Description
This is just an idea I had, that I'd like to document somewhere so it does not get lost. It will only really be actionable after Stageless is implemented.
What problem does this solve or what need does it fill?
Spawning tasks onto the multithreaded task executor runtime, for running each system, is currently a major source of overhead for Bevy. Many Bevy projects, ironically, perform better if their schedule is set to single-threaded execution.
It is considered "idiomatic" (and we often encourage users to do it) to have many small systems that often do little to no work in Bevy. We say this to "improve parallelism opportunities". I don't think this is bad advice and I don't think we should change what we consider "idiomatic". It also leads to clean code.
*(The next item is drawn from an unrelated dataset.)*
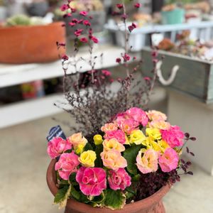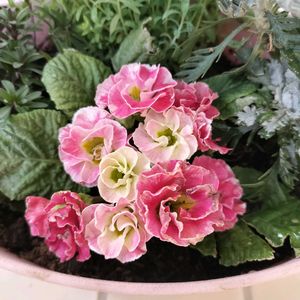 松原園芸さんのプリムラ。寄せ植えには、前から欲しかったぎょうりゅうばいを。このプリムラは、花がクリーム色からピンク色になり、色合いが変化して見応えあります。今日は、雨で濡らさないように、ちゃんと屋根下に移動しました。
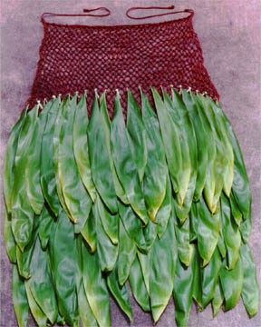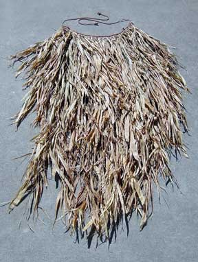 Another row of ti half-leaves were added on top of the bottom row until the layered rows reached the top of the cape.

However, in practice, this leads to bad performance. A typical trace is full of "bubbles" and "system execution overhead" from Bevy preparing and spawning tasks for all systems, only for many of them to do nothing or very little actual work when run. We need to address this overhead.
There are two separate fronts to attack here:
- Improving the quality of our implementation to reduce the perf overhead of running systems with multithreading. There are many great efforts and PRs for this, and this is not the purpose of this issue.
- Giving users the APIs/tools/mechanisms they need to control the runtime/execution of their systems and be able to save themselves the overhead when possible. This is the scope of this issue.
Bevy needs better APIs for allowing users to control and reduce the overheads of multithreaded execution. One major tool ("run conditions") will come with Stageless. This issue proposes one more such mechanism.
Additional Context: How will Stageless improve things?
Stageless "Run Conditions" (which I helped design with the same perf considerations as I described above) give users the ability to tell Bevy when to run or not run their systems. Run Conditions are evaluated by the executor itself, without spawning a task (and therefore without the associated perf overhead), and a task for running the actual system will only be spawned if the system should run. Unlike our legacy "Run Criteria", users can easily add and compose multiple "Run Conditions", allowing for flexibility and precise control.
After stageless, a common development workflow to optimize a Bevy game would be: "if you know when your system shouldn't run, go and add some run conditions to control it!". Users will have the power to prevent systems that have nothing to do that frame, from being run by Bevy and slowing things down.
What solution would you like?
I would like to propose one more mechanism for giving users more control over the overhead of parallel system execution: the ability to tell Bevy to not spawn a task for a given system, and instead run it inside the executor itself (similar to how Run Conditions and exclusive systems work).
This only makes sense if a user knows that a certain system, even when it has work to do, does very little and will always finish quickly. If the user determines that the overhead of parallel execution is more than the actual work the system is doing.
Like other optimizations (such as ECS table/sparse-set storage), it is a trade-off and a balancing act. It is a lever that users can pull in niche scenarios when they consider it worth doing.
Setting this property on a system will remove the task spawning overhead for that system, but may bottleneck the executor task if the system takes too long to run (holding it up from running other systems that may have become ready).
What alternative(s) have you considered?
Using exclusive systems. They are run like I described above ("inline" inside the executor, without spawning a task onto the thread pool), and always on the main thread (which is not necessary for the "inline" systems proposed here). Therefore, they can also accomplish the goal of being efficient and not introducing runtime overhead.
However, they, by definition, do not allow other parallel systems to run alongside them. They completely disable parallel system execution.
The solution proposed by this issue is better, because it allows for a "middle ground". A system marked with the proposed "inline execution flag", while it runs inside the executor, still allows for other systems (that were run using tasks) to run in parallel.